If you own, lease, manage or operate buildings that are five-years-old or newer, you naturally might be reluctant to spend money on upgrades for a building that is considered new or nearly new. After all, you haven’t recovered your investment yet, and it seems a waste to take out or upgrade equipment or systems that are practically new and haven’t fully depreciated yet. Why would anyone do that?

Here’s one simple answer: energy cost savings. In many cases, an early investment in energy upgrades – or energy retrofitting – can provide enough cost savings to justify the expenditure, sometimes with paybacks as quick as one year.

To evaluate this for yourself, begin by “benchmarking” the energy performance of your building. For the first crude cut, assemble twelve months of energy bills, add up the dollar total for the year, and divide by the approximate square footage of the conditioned space served. An average figure for general office, space is around $1.25 per square foot. If you generate a figure of $2 per square foot or higher, you might want to consider taking steps to increase your energy efficiency.

For Building Owners and Managers Association (BOMA) International members, looking at the Experience Exchange Report and comparing your building’s performance with others submitted by other BOMA members is another comparison route you can take. A word of caution: your sample size may consist of just a handful of buildings, so the numbers may not be statistically valid.

For more thorough and accurate benchmarking, go to www.energystar.gov, click on “buildings” and find the Portfolio Manager. This online benchmarking tool allows you enter 12 months of utility bills, as well as additional key information about your building: (e.g., square footage, whether you have food service or a data center in the building, whether you have a parking garage covered by the base building electric meter, etc.). The Portfolio Manager generates a score from zero to 100. Any score above 75 is considered outstanding, and any building with that score is eligible to become Energy Star rated. A score below the average score of 50 tells you that you have some work to do.

If you benchmark your new, or nearly new, building using one of the three methods above and find it scores high on energy consumption, what are your options? The first, and most critical, step is to determine why.

There are only two ways to save money on energy: use less or pay less. For this space we’ll focus on the “use less” option. To use less energy you’ll need to perform an energy audit that will identify energy saving opportunities in two categories: 1) low cost/no cost operational measures that can payback in less than a year; and 2) capital improvement measures; i.e., energy retrofits.

If you are lucky, most of the savings you need can be found in the “low cost/no cost” category. Common examples of Operations and Maintenance (O&M) measures that are readily implemented include actions as simple as correcting equipment time settings on your Building Automation System (BAS). We have seen countless buildings – new and old – where the HVAC equipment is set to run for many hours after a building has emptied out for the day. Shutting off equipment when not in use, or engaging a temperature setback program (e.g., let your building temperature drift down to 55 degrees at night in winter or up to 90 degrees in summer), can save an enormous amount of energy – and dollars – provided your BAS is “smart” enough to know when to re-engage the HVAC in order to reach comfortable conditions by the time the building is occupied in the morning.

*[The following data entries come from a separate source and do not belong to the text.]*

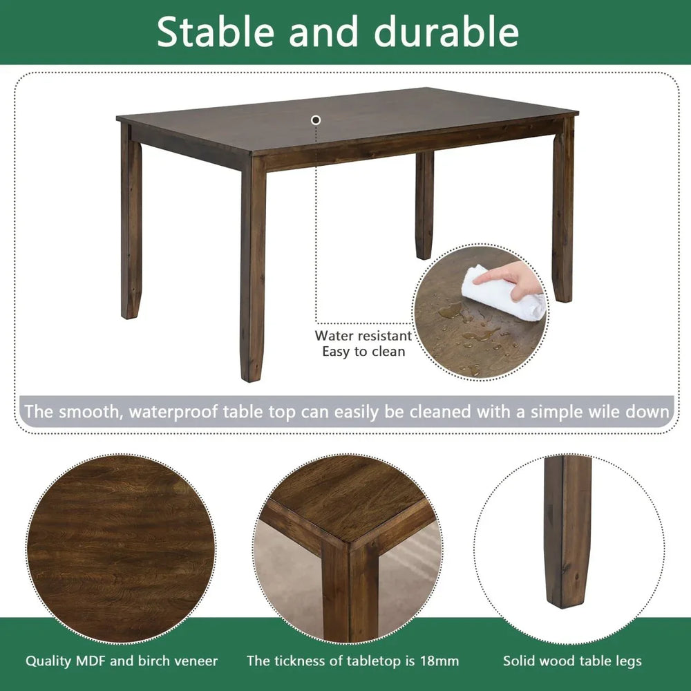 Bring modern sophistication to your dining space with this elegant 6-piece wooden dining table set. Crafted from durable Acacia wood and featuring a smooth MDF and birch veneer tabletop, it combines natural beauty with lasting strength. The rectangular table comfortably seats six with four upholstered chairs and a bench, making it perfect for family meals or entertaining guests. Plush foam cushions and linen fabric ensure comfort during long dinners. The stable wood frame and non-slip feet protect your floors while providing solid support. Easy to clean and assemble, this walnut dining set effortlessly enhances any kitchen, dining room, or living area with its sleek and timeless design. Elevate your dining experience today.
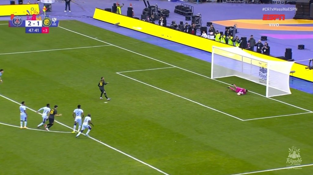 Στο 45+2’ ο Αλ Μπουλαϊχί έκανε πέναλτι στον Νεϊμάρ, ο ίδιος το εκτέλεσε και ο Αλ Οβάις του είπε.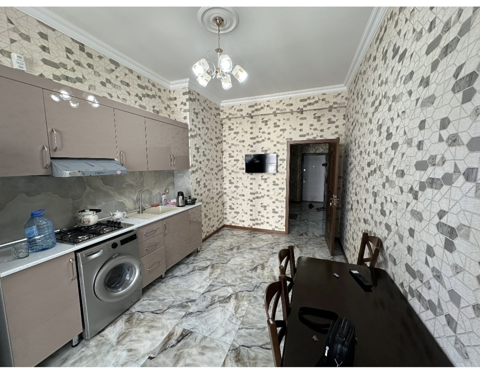1 otaqdır əşyalıdır. Hər bir əşya var, mətbəx köhnə şəkildir. Soyuducu, paltaryuyan stol-stul, kondisoner, divan, mebeli var. TV olmayacaq.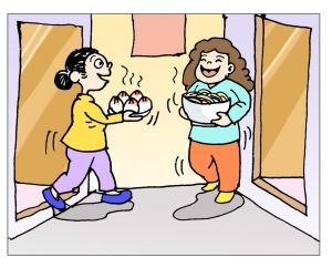 這時候小區(qū)微信群總是不乏熱鬧,有要拿大米換榨菜的,有要用啤酒換花生米的,引來一陣哈哈大笑,結果總是不用換,家里有,需要的來拿。

Sophisticated lighting controls can be tricky, but even simple ones won’t work if they are not connected. You may snicker, but we recently found that scenario in a year old office building during recommissioning.

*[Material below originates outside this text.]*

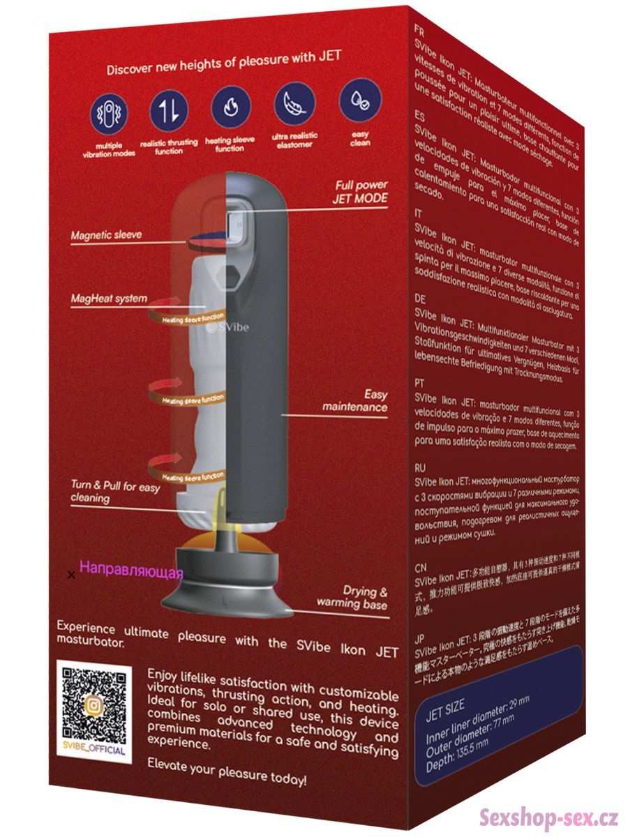 Masturbátor vás potěší kombinací intenzivních přírazů, silných a hlubokých vibrací a příjemného tepla. Navíc má speciální Jet mód – stisknutím tlačítka aktivujete maximální výkon.

Energy dollars are often wasted when a building is not being operated according to its design. Take, for example, a building equipped with an “economizer” cycle on the HVAC system (an “economizer” is intended to bring in fresh air during mild weather when mechanical heating or cooling is not really necessary). This is a terrific idea, but don’t overlook the operational training component. If the building’s maintenance personnel are not properly trained how to use system upgrades, your building is not getting the benefit of something that you paid for.

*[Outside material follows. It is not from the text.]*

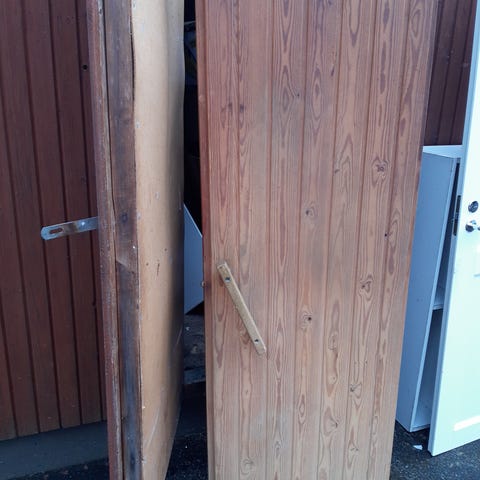 Parikymmentä vuotta käytössä ollut ovi karmeineen. Puu runko, "lasit" pleksiä.

In fact, inadequate training of maintenance personnel – or worse, a lack of maintenance personnel, period – can lead to many energy-wasting practices in a building. A regular maintenance procedure that can be overlooked because it is easily forgotten is filter changing and cleaning. When air filters get dirty, the amount of energy required to force air through them increases. If filters become dirty and old enough, they can collapse, allowing grit and dust to collect on the HVAC heating and cooling coils and resulting in a huge drop in HVAC system efficiency.

Keep in mind, the age and outward appearance of a building doesn’t necessarily provide an accurate indication of its energy efficiency. It doesn’t matter how shiny new your building is if it is underperforming its peers. If this is the case – even after you have implemented the “low cost/no cost” operational measures – then you should consider energy system retrofits when they can be shown to be cost-effective.

Common (and commonly cost-effective) retrofits or upgrades can be as simple as installing hardware or software features to your Building Automation System that may have been cut from the project’s original design to meet budget targets (This practice is often called “value engineering,” but simply a cost-cutting exercise that can eliminate real value from a project). Or, perhaps cheaper but less efficient lighting was installed for the sake of reducing first costs, but now you – the long term owner – are paying the carrying costs.

A thorough and professional energy audit will reveal these and other opportunities for you, and provide you with savings and cost estimates to allow you to make an informed decision on what to do about high energy bills.